Our Supreme Court of Canada, the highest court in the land, in a daring move, extended the boundaries of what is permissible in lower courts when it comes to testing the constitutionality of our laws:
The Supreme Court of Canada did much more than strike down three prostitution laws on Friday. It set down a major change to the way lower courts can revisit precedents by the Supreme Court.
The article by Sean Fine in the Globe & Mail is very well written, and worth reading by every thinking Canadian.
One of the first legal textbooks I ever read was Learning the Law by Glanville Williams. An unabashedly practical how-to book for beginning lawyers, Williams wrote in his foreword that he was following in the tradition of other older books:
The chief aim of these old works was to give advice on books to read, though some also concerned themselves with such matters as the number of hours reading that should be done in a day, legal abbreviations, amusements suitable for the lawyer (archery, leaping, riding, bowling and fishing were among the recommendations), and the value of keeping a sort of “Where is it?” notebook known as a commonplace book.

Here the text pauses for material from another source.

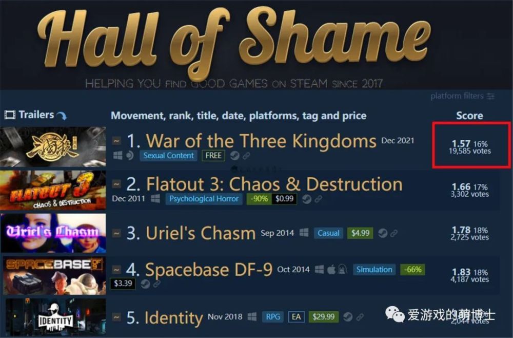 2021年12月份的時候,博士和大家分享了文章《三國殺仗義出手,搶到差評遊戲排行榜冠軍,科樂美:謝謝啊》,介紹了數據網站Steam250統計的一份Steam恥辱殿堂(Hall of Shame)榜單的變動情況。科樂美旗下的足球遊戲《eFootball 2022》本來以14%左右的好評率占據著差評榜的第一名,誰知道《三國殺》「不甘人後」,推出後迅速以8%左右的好評率完成了登頂。
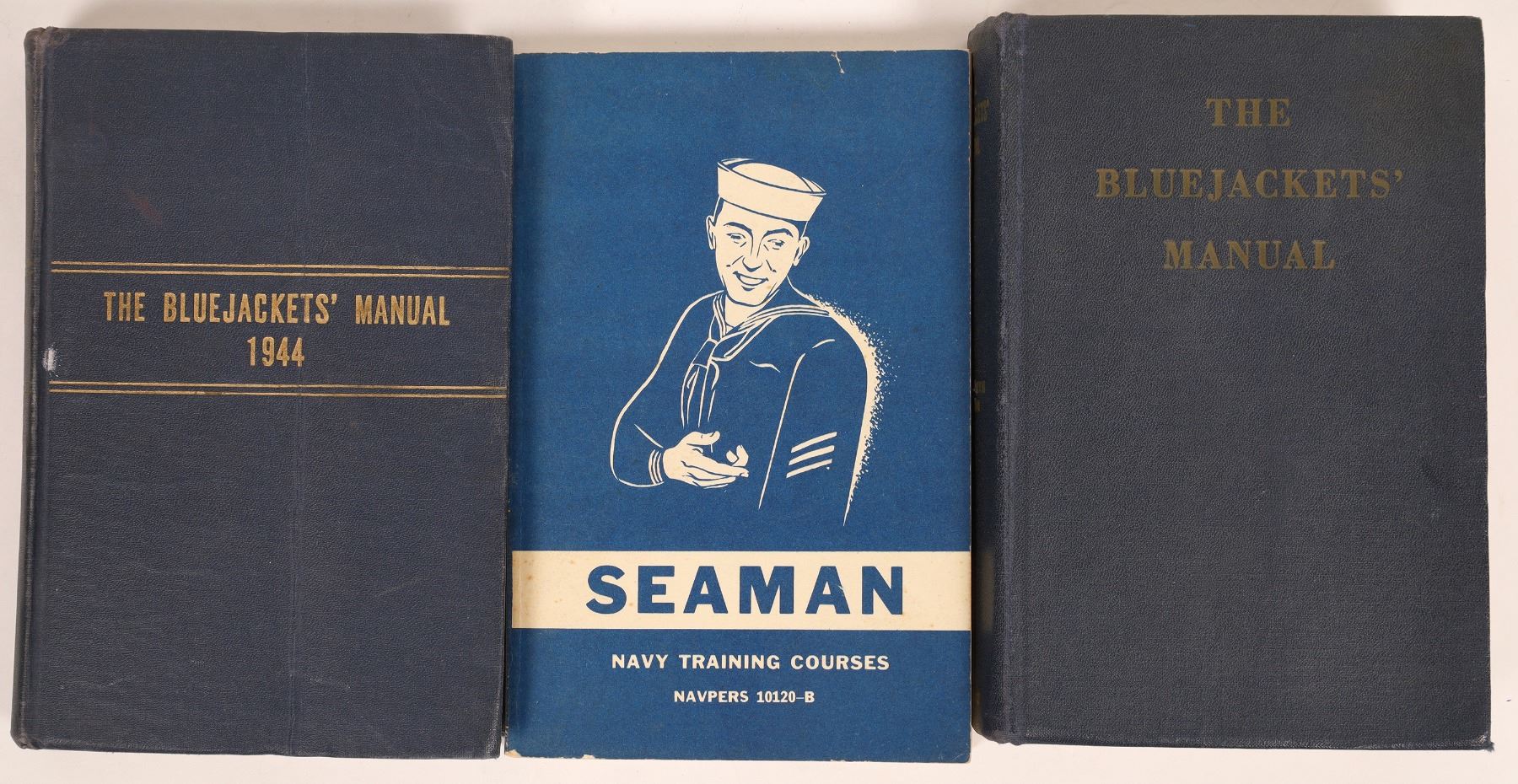 1) The Bluejacket's Manual, 1944, (12th Ed.,) by the U.S. Naval Institute, Annapolis, Md, - (5" x 8" HB, 585 pgs.); 2) The Bluejacket's Manual, 1950, (14th Ed.) by the U.S. Naval Institute, Annapolis, Md., (5" x 8", HB, 828 pgs.); 3) Seaman Naval Training Courses, 1952, by Bureau of Naval Personnel (NAVPERS 10120-B) - (5" x 8" SC, 229 pgs.)

What is very clear is that each and every lawyer should read this latest judgment by the Supreme Court of Canada. It amounts to a magnificent gift to all Canadians (and especially to Canadian lawyers), by very firmly carving out new territory for the lower courts in the land to explore.
After giving advice to would-be barristers (England has the two-class lawyer system, of solicitors – who deal directly with clients – and barristers – who are retained by solicitors to plead cases in court):
One can, perhaps, put this last point higher, and say that if a would-be barrister can be stopped from entering this profession, it is in his own interest what he should be stopped. If he is the sort who is stoppable, he is the sort who will fail. It is only those who cannot be dissuaded who can safely be left to make the attempt.
Williams goes on to give an example of one lawyer who adopted a method that impressed his clients no end:
There is an old tale of a solicitor who won great renown for his deep knowledge of the law. His secret was this. He had had three copies of Every Man’s Own Lawyer bound to resemble law reports and lettered respectively “3 Meeson and Welsby,” “1 Term Reports” and “7 Manning and Granger.” When a client propounded a legal qustion, the solicitor would ring for his clerk and say: “Bring me 3 Meeson and Welsby,” or “! Term Reprots,” or “7 Manning and Granger.” When the volume came he would gravely look up a point and then say triumphantly: “Ah! here it is! I thought so. The very authority we wanted.” The solicitor was not such a fraud as a layman hearing this story might think. At least he knew his way around that particular book better than his clients did.
The Supreme Court’s gift in its full court, 9-justice majority opinion lifted the dead hand of judicial precedent from the throttle of Canadian legal development, and substituted a clear licence to all lower courts to play a significant role in developing, by changing, our laws through constititutional change, starting with the Charter of Rights and Freedoms.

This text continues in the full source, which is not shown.